Palahniuk has become a cult icon with his intense, brutal and darkly comedic fiction, thanks in no small part to the blockbuster success of the film adaptation of his second novel, “Fight Club.” And with a veritable franchise in the works — as of right now all of his novels except one (“Lullaby”) will eventually be turned into movies, “Fight Club” has become a video game, and discussions are underway with 20th Century Fox for “Fight Club: The Musical” (I kid you not) — Palahniuk is set to become one of the most well-known authors of the new century. Even the London Ballet Company has gotten in on the action with a “Fight Club” ballet. What’s next — “Fight Club: The Candy Bar”?

The author himself is rather nonchalant about his multi-media appeal: “I don’t know whether it’s the style — it’s such a cinematic style, based on visual images and really specific, concrete, limited scenes — or whether it is the sort of extreme nature of the stories, because those are really appealing and challenging to young filmmakers,” he says. “I think filmmakers are really tired of seeing stories and screenplays that are written to become movies. They look too commercial and flat, so I think they’re really attracted to the edginess that books can have, because books are so cheap to produce, even compared to television movies.”

Currently on tour to support the paperback release of his last publication, “Diary,” Palahniuk has forged his career on shock and atrocity, underwritten by a wit that somehow makes it all palatable. “A big part of it,” he says, “is right now books have such a small, small audience that you can’t even call them a mass medium any more. And because of this tiny audience and the real consensual nature of reading, that this person has agreed to sit down and spend the time and make the effort to read this book — it’s not like TV or broadcast where innocent people can be subjected to it — [authors] have more freedom to approach these topics than they’ve ever had in history.

“And nobody burns books anymore because nobody gives a rat’s ass about books anymore,” he continues, “so I think books should really take advantage of that freedom. It won’t be around forever.”

Social musings aside, you still have to wonder how much of his approach is simply designed to amuse himself; as he admits, “I always think that unless there’s something in the book that I’m personally offended by and I think I’ve gone too far, then I haven’t gone far enough.”

The current tour has him reading from his next novel, which he describes as along the lines of “Canterbury Tales” meets Edgar Allen Poe.
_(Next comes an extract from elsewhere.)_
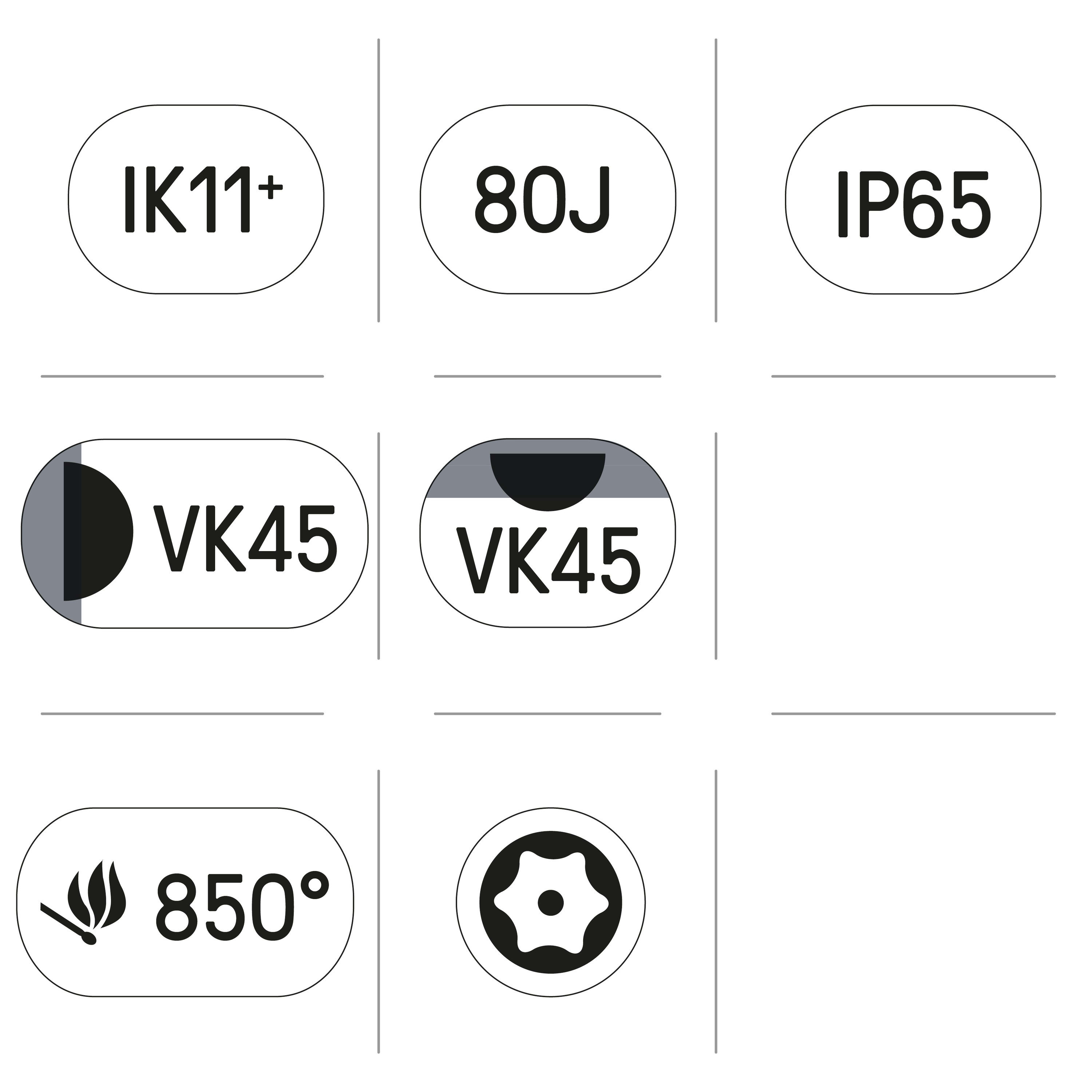 Son unité lumineuse en polycarbonate, résistante aux chocs, s’intègre dans un habillage à résistance renforcée IK11+ 80 joules, garantissant une grande robustesse.

The 450-page book, due to be released next spring, features a series of ghost stories interwoven within a larger, over-arching plotline, and apparently contains some scorchers. He claims one of the stories is so disturbing as to be physically affecting: “I’m up there gripping the podium because it freaks me out so much. It’s a really hard story to read, but I think that’s a good sign.”
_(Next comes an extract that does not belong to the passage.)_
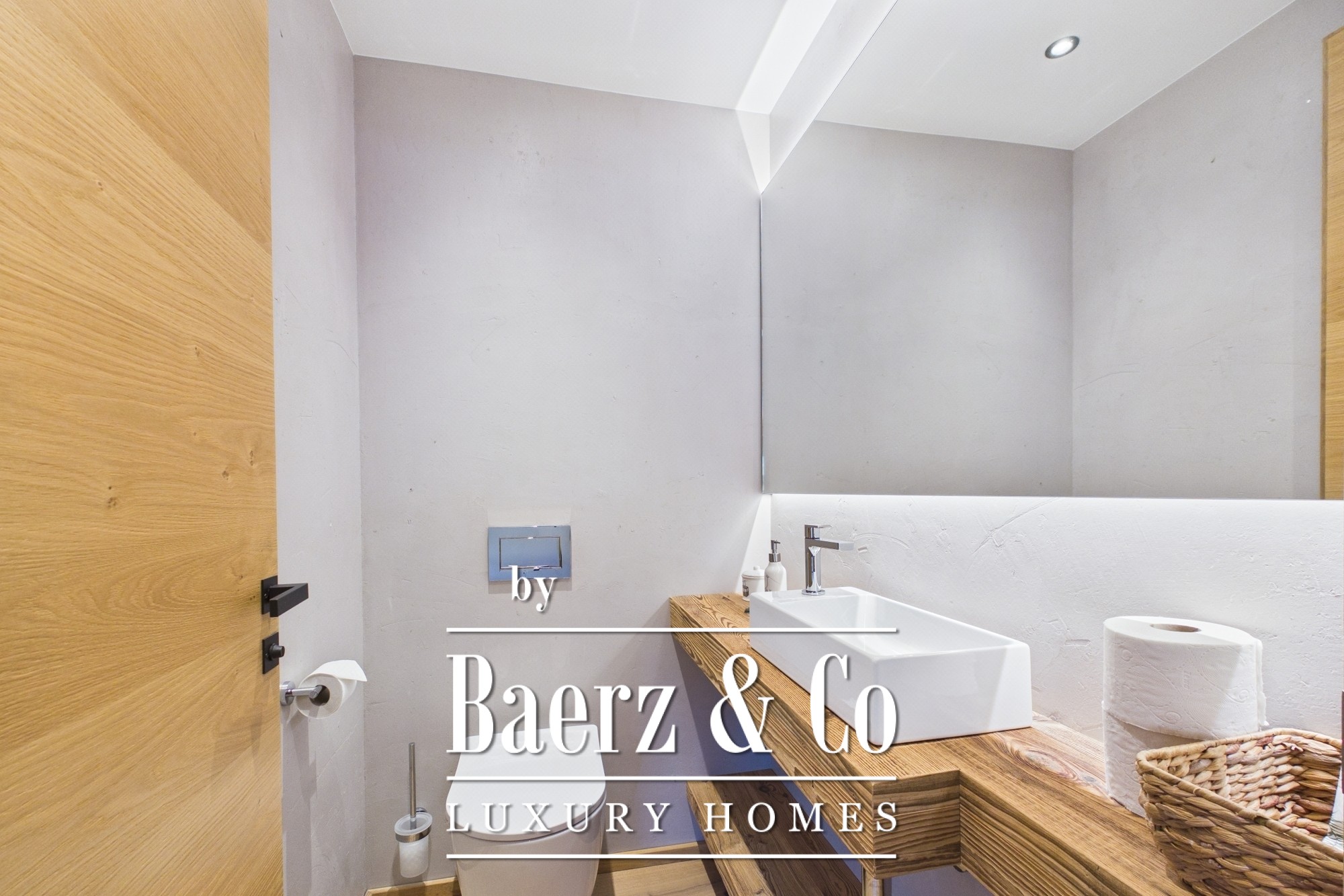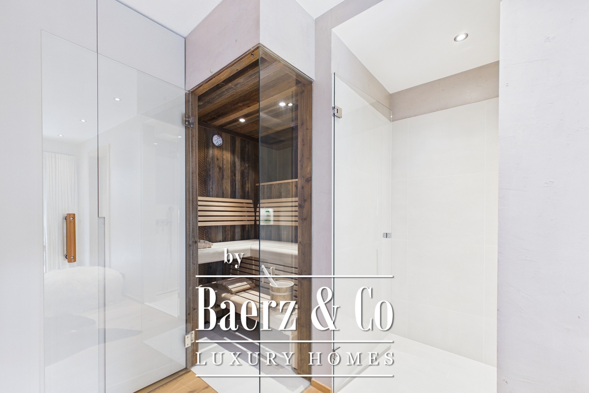 Expansive outdoor spaces are woven into the apartment’s design, including approximately 95 m² of terraces, balcony, and landscaped zones that invite quiet reflection. The living environment is enhanced by thoughtful amenities such as a fireplace, floor heating, smart home system, electric blinds, and an integrated alarm system. Additional offerings include a covered parking space with electric vehicle charging, an outdoor parking bay, and an 8.5 m² storage cellar equipped for winter sports and laundry needs.

Such visceral appeal is what makes Palahniuk’s work stick in the brain like taffy on the teeth, but in the end it comes back to those late-night chats that drive his mischevious mind. “I think most writers have a fairly boring life,” he explains, “and the ones who are able to make a career out of it are the ones who are able to identify the great stories around them and really collect those and use them.”

What can one say but “Thank God other people’s lives are more interesting than ours.”